Here is an example using all data from the week of 2017-09-04. Here, we want to see a statline for all hitters based on swings:
test <- scrape_statcast_savant_batter_all("2017-09-04", "2017-09-10")
statline_from_statcast(test)
year swings batted_balls X1B X2B X3B HR swing_and_miss swinging_strike_percent ba
1 2017 13790 10663 1129 352 37 259 3127 0.227 0.129
obp slg ops woba
1 0.129 0.216 0.345 0.144
You can also combine the statline_from_statcast
function with a for loop
to create statlines for multiple players at once.
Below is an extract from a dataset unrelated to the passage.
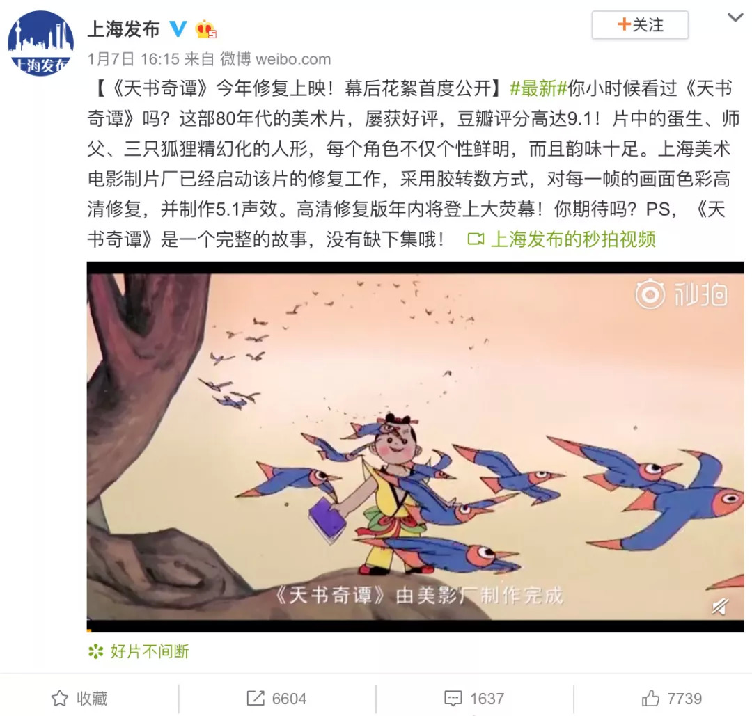 1月7日下午,上海市政府新闻办公室官方微博@上海发布 称,《天书奇谭》修复版即将在2019年上映。

Say you wanted to calculate stat lines based on contact for batters that saw at least 125 pitches over the past week (i.e. games played 2017-09-04 through 2017-09-10):
test <- scrape_statcast_savant_batter_all("2017-09-04", "2017-09-10")
output <- data.frameI()
players_to_loop <- test %>%
group_by(player_name) %>%
count() %>%
arrange(desc(n)) %>%
filter(n >= 125) %>%
ungroup()
for (i in players_to_loop$player_name) {
reduced_test <- test %>%
filter(player_name == i)
x <- statline_from_statcast(reduced_test, base = "contact")
x$player <- i
x <- x %>%
select(player, everything())
output <- rbind(output, x) %>%
arrange(desc(woba))
}
print(output, n = 40, width = Inf)
# A tibble: 21 x 12
player year batted_balls X1B X2B X3B HR ba obp slg ops woba
<chr> <chr> <dbl> <int> <dbl> <dbl> <dbl> <dbl> <dbl> <dbl> <dbl> <dbl>
1 Wil Myers 2017 18 6 1 0 3 0.556 0.556 1.111 1.667 0.690
2 Aaron Judge 2017 13 2 1 0 3 0.462 0.462 1.231 1.693 0.685
3 Matt Chapman 2017 17 5 1 1 2 0.529 0.529 1.059 1.588 0.654
4 Nolan Arenado 2017 23 8 2 0 2 0.522 0.522 0.870 1.392 0.584
5 Brandon Nimmo 2017 19 6 1 0 2 0.474 0.474 0.842 1.316 0.550
6 Charlie Blackmon 2017 21 4 3 0 2 0.429 0.429 0.857 1.286 0.531
7 Francisco Lindor 2017 27 4 2 1 3 0.370 0.370 0.852 1.222 0.498
8 Jose Martinez 2017 21 6 1 0 2 0.429 0.429 0.762 1.191 0.497
9 Rhys Hoskins 2017 14 2 1 0 2 0.357 0.357 0.857 1.214 0.495
10 Christian Yelich 2017 22 6 4 0 0 0.455 0.455 0.636 1.091 0.463
11 Freddie Freeman 2017 24 7 2 0 1 0.417 0.417 0.625 1.042 0.441
12 J.T. Realmuto 2017 24 8 1 1 0 0.417 0.417 0.542 0.959 0.408
13 Cesar Hernandez 2017 22 7 2 0 0 0.409 0.409 0.500 0.909 0.391
14 DJ LeMahieu 2017 25 6 3 0 0 0.360 0.360 0.480 0.840 0.358
15 Ender Inciarte 2017 30 8 0 1 1 0.333 0.333 0.500 0.833 0.351
16 Cody Bellinger 2017 17 2 3 0 0 0.294 0.294 0.471 0.765 0.320
17 Brett Gardner 2017 23 5 1 1 0 0.304 0.304 0.435 0.739 0.312
18 Byron Buxton 2017 17 2 0 1 1 0.235 0.235 0.529 0.764 0.311
19 Eugenio Suarez 2017 19 5 1 0 0 0.316 0.316 0.368 0.684 0.296
20 Andrew Benintendi 2017 21 4 2 0 0 0.286 0.286 0.381 0.667 0.284
21 Brian Dozier 2017 23 2 0 0 2 0.174 0.174 0.435 0.609 0.248
From here, you can cut the data in infinite ways. You could take all pitches that induced a swing by J.D. Martinez over the same time period and see how well he performed on swings by pitch type:
jd_martinez <- test %>%
filter(player_name == "J.D. Martinez")
jd_pitches <- jd_martinez %>%
group_by(pitch_type) %>%
count() %>%
arrange(desc(n)) %>%
ungroup()
output <- data.frame()
for (i in jd_pitches$pitch_type) {
reduced <- jd_martinez %>%
filter(pitch_type == i)
x <- statline_from_statcast(reduced)
x$player <- "J.D. Martinez"
x$pitch_type <- i
x <- x %>%
select(player, pitch_type, everything())
output <- rbind(output, x) %>%
arrange(desc(woba))
}
print(output, n = 40, width = Inf)
player pitch_type year swings batted_balls X1B X2B X3B HR swing_and_miss
1 J.D. Martinez FF 2017 19 12 0 1 0 4 7
2 J.D. Martinez FT 2017 10 8 3 0 0 1 2
3 J.D. Martinez SL 2017 12 6 0 0 0 2 6
4 J.D. Martinez CU 2017 6 3 1 0 0 0 3
5 J.D. Martinez CH 2017 8 3 0 0 0 0 5
swinging_strike_percent ba obp slg ops woba
1 0.368 0.263 0.263 0.947 1.210 0.481
2 0.200 0.400 0.400 0.700 1.100 0.461
3 0.500 0.167 0.167 0.667 0.834 0.329
4 0.500 0.167 0.167 0.167 0.334 0.146
5 0.625 0.000 0.000 0.000 0.000 0.000
Now we can see that J.D. Martinez’s monster week was driven largely by 4- and 2-seam fastballs and sliders. When swinging at curveballs and change ups, Martinex whiffed over 50% of the time and only generated one hit–a single–when putting bat to ball.